My client began his presentation in a BIG VOICE that radiated “fake” enthusiasm. He spoke as if he were presenting to an audience of thousands, unable to actually see anybody. He paced the floor, spoke much too quickly for me to comprehend the content of his message, and slurred his words. After listening for about two minutes, I stopped him and offered this one suggestion:
“David, let’s begin again with a different approach. When you reach center stage, take the time to get present to your audience. Before you begin speaking, give your total eye attention to one person. Do not take your eyes from that person until you have reached the end of the sentence. Then move to another person, and speak in the same way to that person. Complete a sentence before moving to the next person. Don’t just look through each person; truly see individuals as you speak to them, as though each were the only person in the room. Make it a conversation with one person at a time. No need to be bigger than life. Your sincerity will carry to the back of the audience. The power will come in your presence, not performance. Let’s give it a try.”
He did. What a difference it made.

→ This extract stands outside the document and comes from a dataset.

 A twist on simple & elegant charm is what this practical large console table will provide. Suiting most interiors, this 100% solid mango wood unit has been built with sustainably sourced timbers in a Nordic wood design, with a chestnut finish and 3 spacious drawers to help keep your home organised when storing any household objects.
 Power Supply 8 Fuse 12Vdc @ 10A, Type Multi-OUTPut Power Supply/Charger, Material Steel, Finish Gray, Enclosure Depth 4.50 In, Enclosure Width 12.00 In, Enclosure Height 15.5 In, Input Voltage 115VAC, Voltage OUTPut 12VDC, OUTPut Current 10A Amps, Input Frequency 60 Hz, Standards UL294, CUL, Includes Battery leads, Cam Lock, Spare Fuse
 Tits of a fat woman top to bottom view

He came across as sincere, his voice was more expressive, and his manner more intimate. He made it possible for me to experience and visualize each example, illustration, and poignant quote. His delivery added depth and value to his message as he built the bridge that made it possible for me to become a part of his message.

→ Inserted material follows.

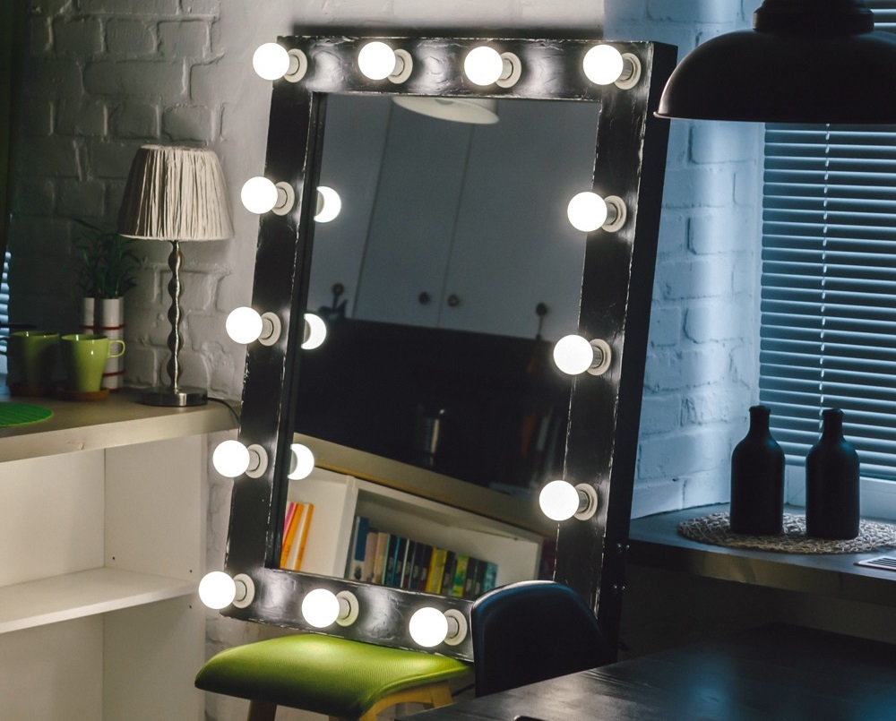 Зеркала с лампочками предоставляют возможность увидеть на лице даже такие мелкие недостатки, как пигментные пятна, прыщики, раскрытые поры. Благодаря этому можно точно подобрать основу под тон кожи и нанести ее ровным слоем, правильно выбрать цвет пудры.

In 1995 when the Upjohn Company merged with Pharmacia, a number of people talked to me about the new CEO’s power to connect with others. When I asked them for his secret, without exception, people shared their personal experience: “His eyes. When he spoke to me, it was as though I were the only person in the room.” Clearly, he left people feeling honored and valued by his presence, putting him a position to be much more influential.
Powerful leaders are typically good communicators. They know that nothing will pay bigger dividends than making a real connection with others, whether speaking to one, ten, or 100, because connection is a requirement of trust and the power to influence. Being present is the first step to making a strong connection.

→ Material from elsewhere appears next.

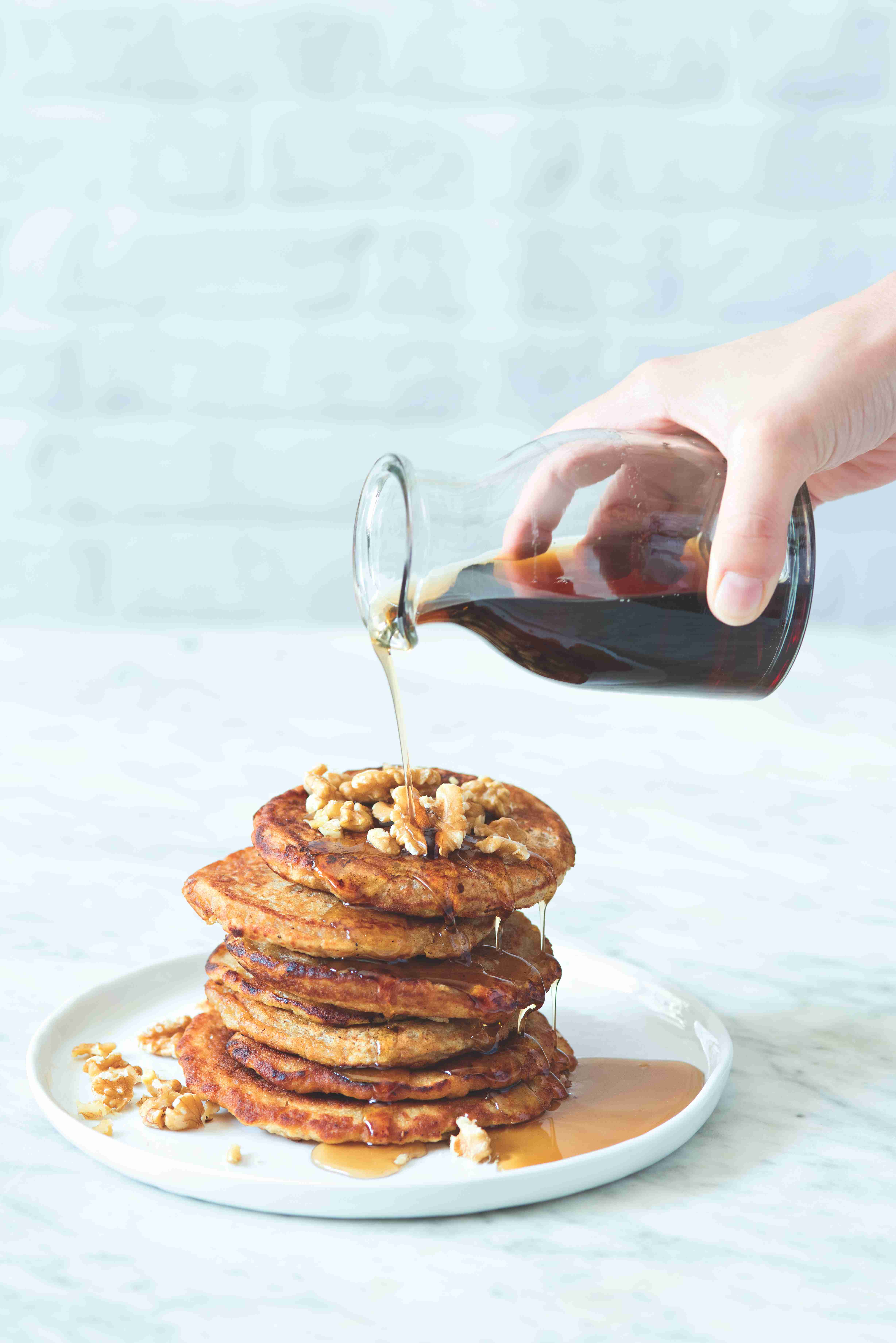 Díky jablíčku nejsou tyhle lívance suché a zároveň si vystačíte s menším množstvím mouky než u běžných receptů. Můžete je podávat i s jinými oříšky – dobré budou třeba čerstvě vyloupané lískové. Nebo je příště zkuste dát namleté přímo do těsta. Jablečné lívance s vlašskými ořechy a javorovým sirupem vám udělají den krásnější.

Suggestions to coach yourself:
1) Video record yourself making an actual presentation.
2) Review the video and ask yourself: Did I appear present to my audience before I opened my mouth? Did I appear to have maximum audience attention before I said the first word?
3) Check out your eyes. Are you focusing on one person at a time?
3) Ask yourself: Are my feet planted on the floor? Do I begin from a solid stance so that people are focusing on my message rather than on my movement?
Now, here’s a bonus question:
*According to research done by Kurt Mortensen, author of Persuasion IQ, “top performers” spend 5% of annual income in the development of their process skills, namely their ability to influence others? What % of your income are you spending on self-development? How many hours a week are you investing in developing yourself as a leader?